Onlar başımda dikilirken kapı tekrar açıldı. Ama kimin girdiğini göremiyordum. Doktor bişeyler mırıldandı ve cebinden çıkardığı küçük bir feneri gözlerime tuttu.
Hemşirede bitmiş seruma bakarak bişeyler yaptı.
Bu sefer doktora bakarak onun söylediği şeylere kafamı zorlayarak anlamaya çalıştım.
"Ayça hanım? Beni duyuyor musunuz? " diyordu.
Ama kafamda bir ses daha yankılanıyordu. Görkemin sesi, "En azından birimiz kurtulsun amına koyayım! " diyordu.
Asansörde demişti bunu. Sonra da, "Ananı sikeyim! " diyerek yere düşmüştü. Üzerindeki kazağı bana vermişti. Ben kendimi o pis sisten korurken o sürekli nefes almaya çalışıyor küfür yaydırıyordu. Ve aynı zamanda da beni kontrol ediyordu.
"Ayça hanım? "
Doktor artık omuzlarımdan tutarak beni sarsmaya başlayınca Yağız'ın kaşları çatıldı.
"Şokta olabilir! " dedi sert sesiyle.
Doktor derin bir nefes alırken ben gözlerimi kırpıştırarak sesimi aradım.
"Gör-Görkem? " diye sordum. Beni küçük bir öksürük krizi tutarken genç doktor su doldurdu.
Bardağı bana uzatırken aynı zamanda konuşmaya başladı. "Görkem Bey'in durumu sizinkinden vahim. Siz iyisiniz ancak Görkem Bey'i biraz daha burada tutmak zorundayız. "
Gözlerim dolarken aklımdan bazı görüntüler geçti. Asansörün kapısı açılmıştı. Yağız bana doğru gelirken Sinan ve Oğuz hızla Görkem'i sırtlamıştı.

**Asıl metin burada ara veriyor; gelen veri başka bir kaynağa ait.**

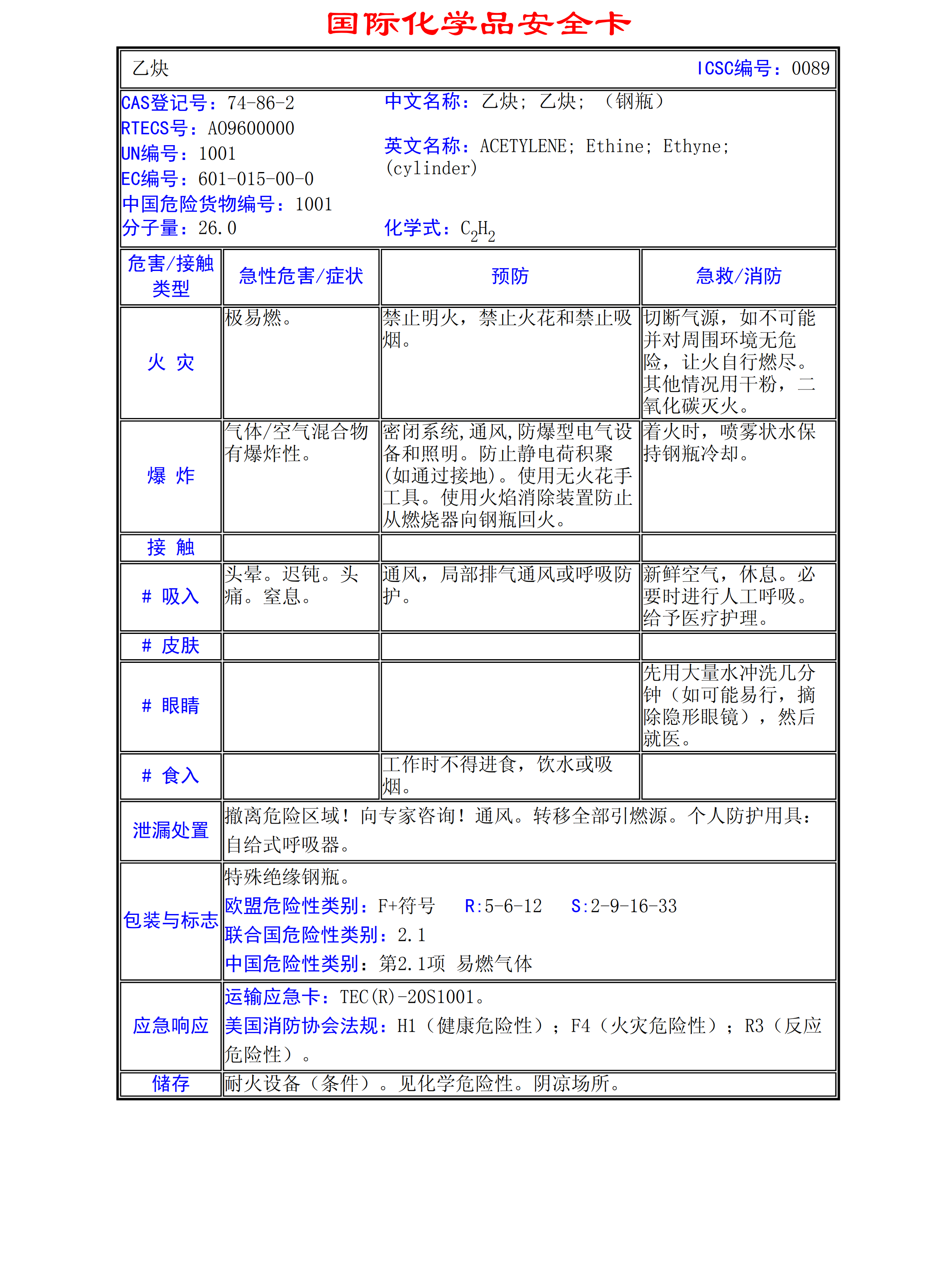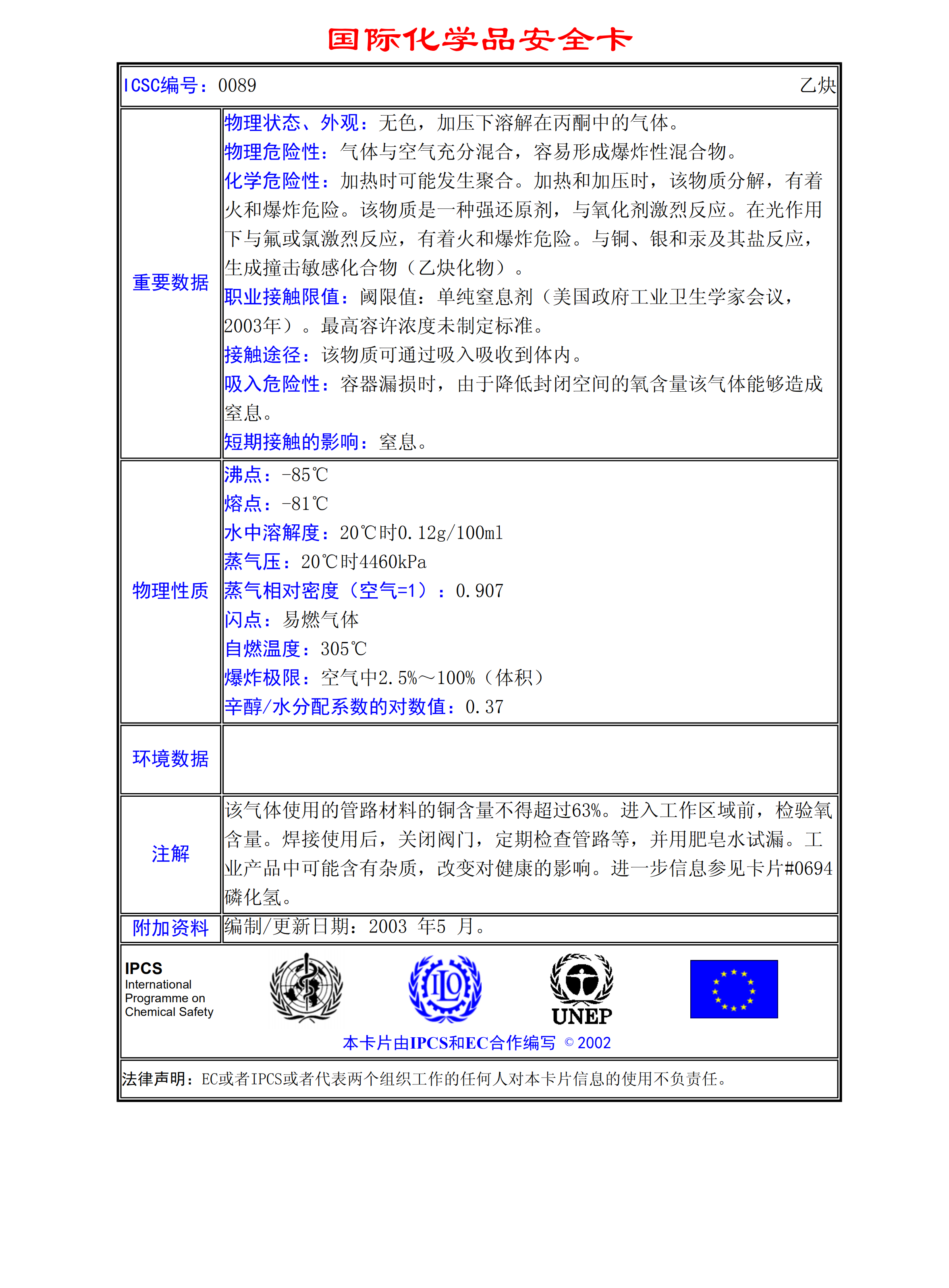 乙炔MSDS
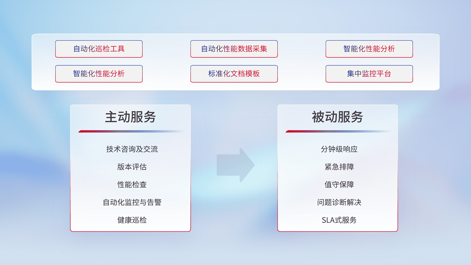 智能化工具和标准化文档,,,,保障服务质量,,,提供主动服务(包含技术咨询、、版本评估、、、性能检查、、、自动化监控与告警、、、、健康巡检)和被动服务包含(分钟级响应、、、、紧急排障、、、、值守保障、、问题诊断解决、、、、SLA服务)。。。。
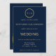 Invitation Classy Marine Blue Gold Monogramme QR Code Mariage
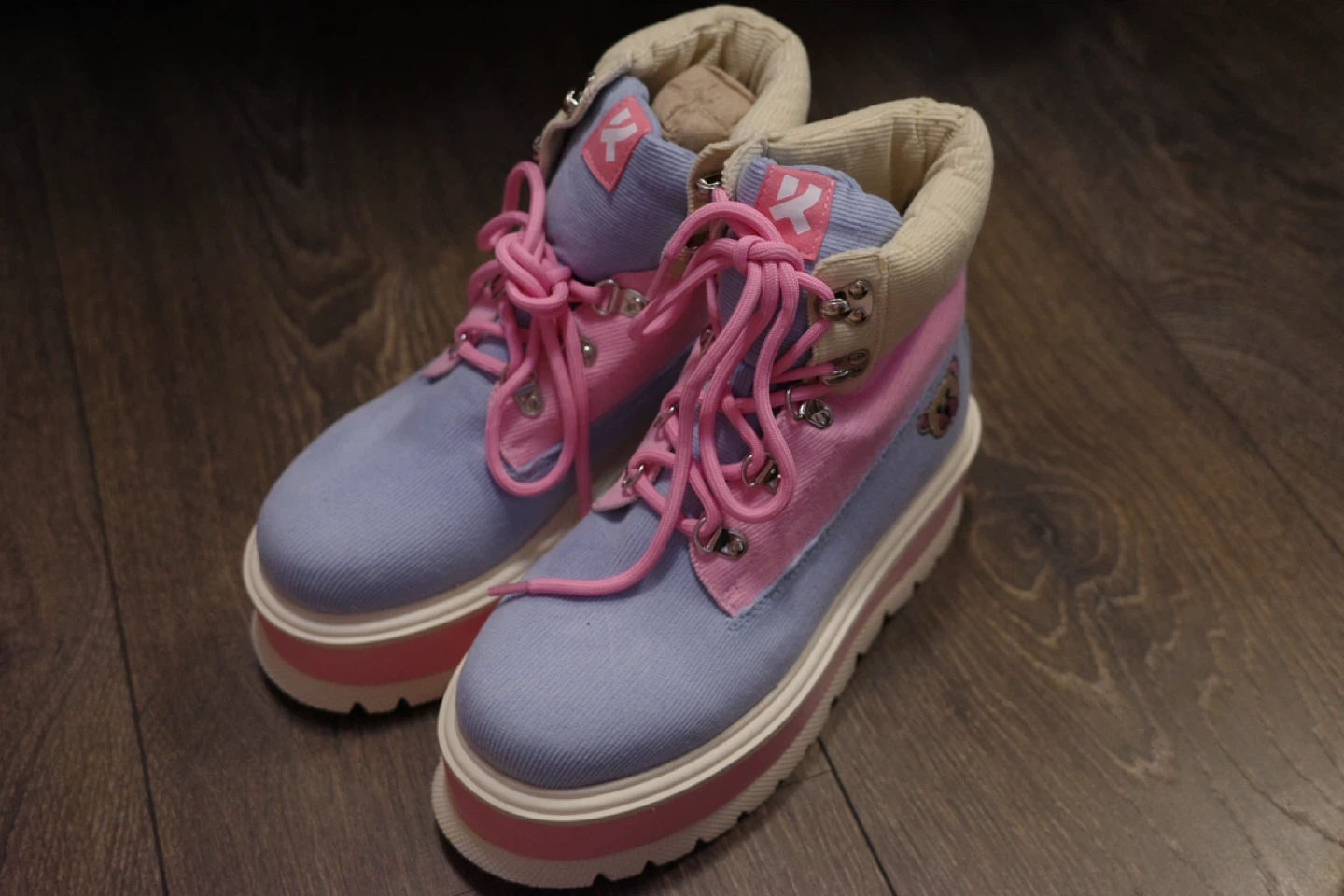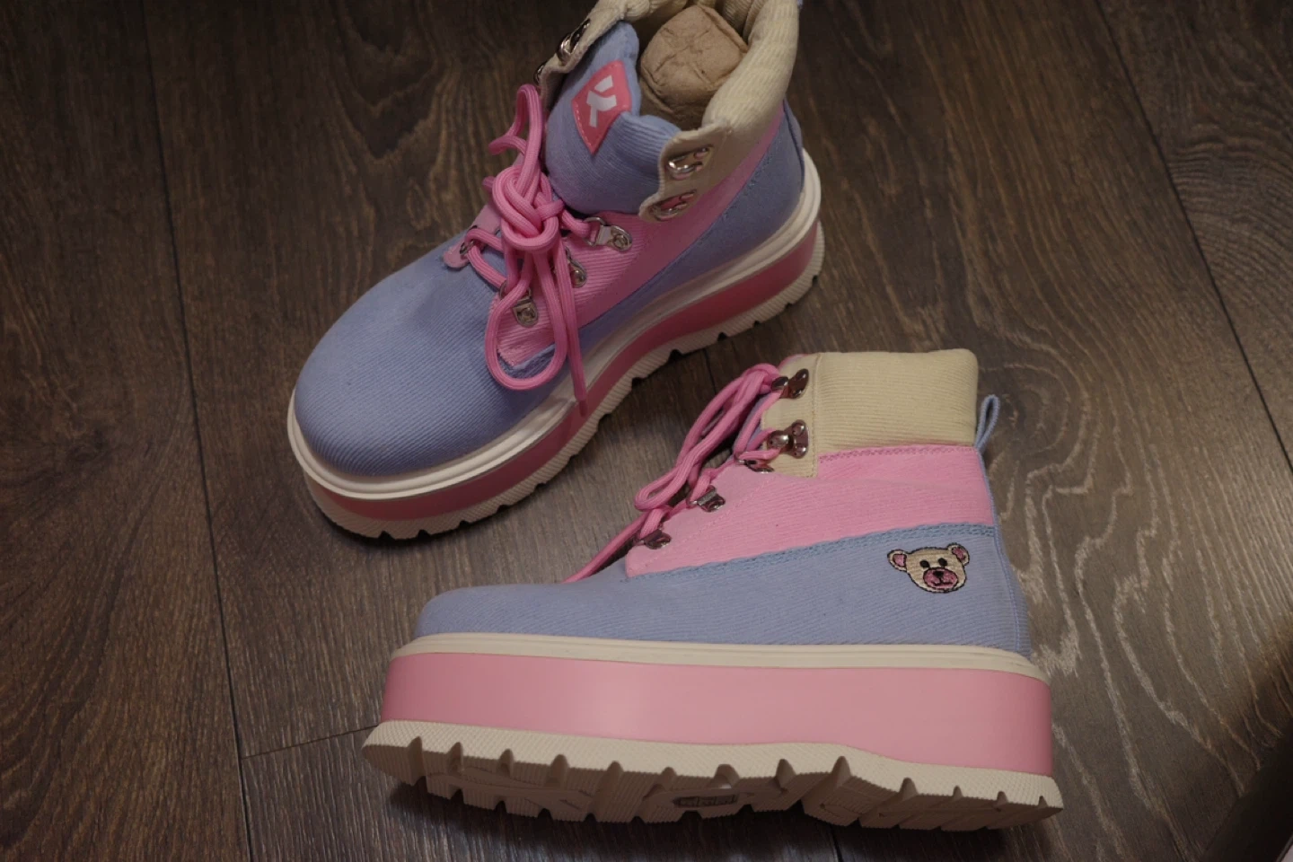 26Selling a pair of platform boots in size US7. These are a cute light blue and pink colour. They come with the original box!

Bu görüntülerle kalsa yine iyiydi. Kafamda abuk subuk sesler gelmeye başladı. Hastane dediğim an hem ses hem gürültü yükseliyordu beynimde.
Yataktan doğrularak ayaklarımı yere sarkıttım.

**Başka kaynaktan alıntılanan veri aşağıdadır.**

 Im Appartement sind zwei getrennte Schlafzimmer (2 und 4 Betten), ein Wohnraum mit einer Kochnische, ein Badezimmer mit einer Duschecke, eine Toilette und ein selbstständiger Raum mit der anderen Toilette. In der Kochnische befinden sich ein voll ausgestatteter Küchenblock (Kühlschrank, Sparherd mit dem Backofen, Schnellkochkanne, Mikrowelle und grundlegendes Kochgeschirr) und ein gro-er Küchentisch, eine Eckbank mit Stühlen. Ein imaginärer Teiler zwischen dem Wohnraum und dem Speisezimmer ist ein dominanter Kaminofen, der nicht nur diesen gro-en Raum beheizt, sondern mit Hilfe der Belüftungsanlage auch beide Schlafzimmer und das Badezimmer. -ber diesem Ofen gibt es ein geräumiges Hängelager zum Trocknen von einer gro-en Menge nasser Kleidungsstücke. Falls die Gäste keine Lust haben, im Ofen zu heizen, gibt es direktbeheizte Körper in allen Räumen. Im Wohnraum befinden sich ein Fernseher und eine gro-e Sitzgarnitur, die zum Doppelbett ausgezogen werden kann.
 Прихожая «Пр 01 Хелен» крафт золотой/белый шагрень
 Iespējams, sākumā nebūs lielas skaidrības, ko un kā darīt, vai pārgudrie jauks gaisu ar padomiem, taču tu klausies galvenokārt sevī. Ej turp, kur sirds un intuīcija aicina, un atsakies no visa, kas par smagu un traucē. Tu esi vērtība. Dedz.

Hemşire elindeki iğneyle, "Hanımefendi biraz daha kalmalısınız, az kaldı serumun bitmesine. " dedi.
Kolumdaki serum iğnesini dinlemeden çekip attım. İki elimle başımı sertçe bastırdım.
Neden durmuyor, neden susmuyor!
Yaşlar gözlerimden akarken kapıya doğru bakakaldım. Gözlerimi yumdum ama keşke yummasaydım. Gözlerimin önüne gelen bağırarak koridorda koşuşturan küçük bir kız.
ŞİMDİ OKUDUĞUN
ZAR ~Benim Hâlâ Umudum Var! ~
Novela JuvenilBen hep mutlu oldum. Ben hep mutlu yaşadım. Hiçbir zaman kötülüğü tatmadım. Hayır! Sakın bana her insan kötü şeyler yaşar demeyin! Çünkü ben gerçekten yaşamadım... Ama, ama aslında ben tamamen toz pembeden oluşan kör lenslerimi çıkardıktan sonra g...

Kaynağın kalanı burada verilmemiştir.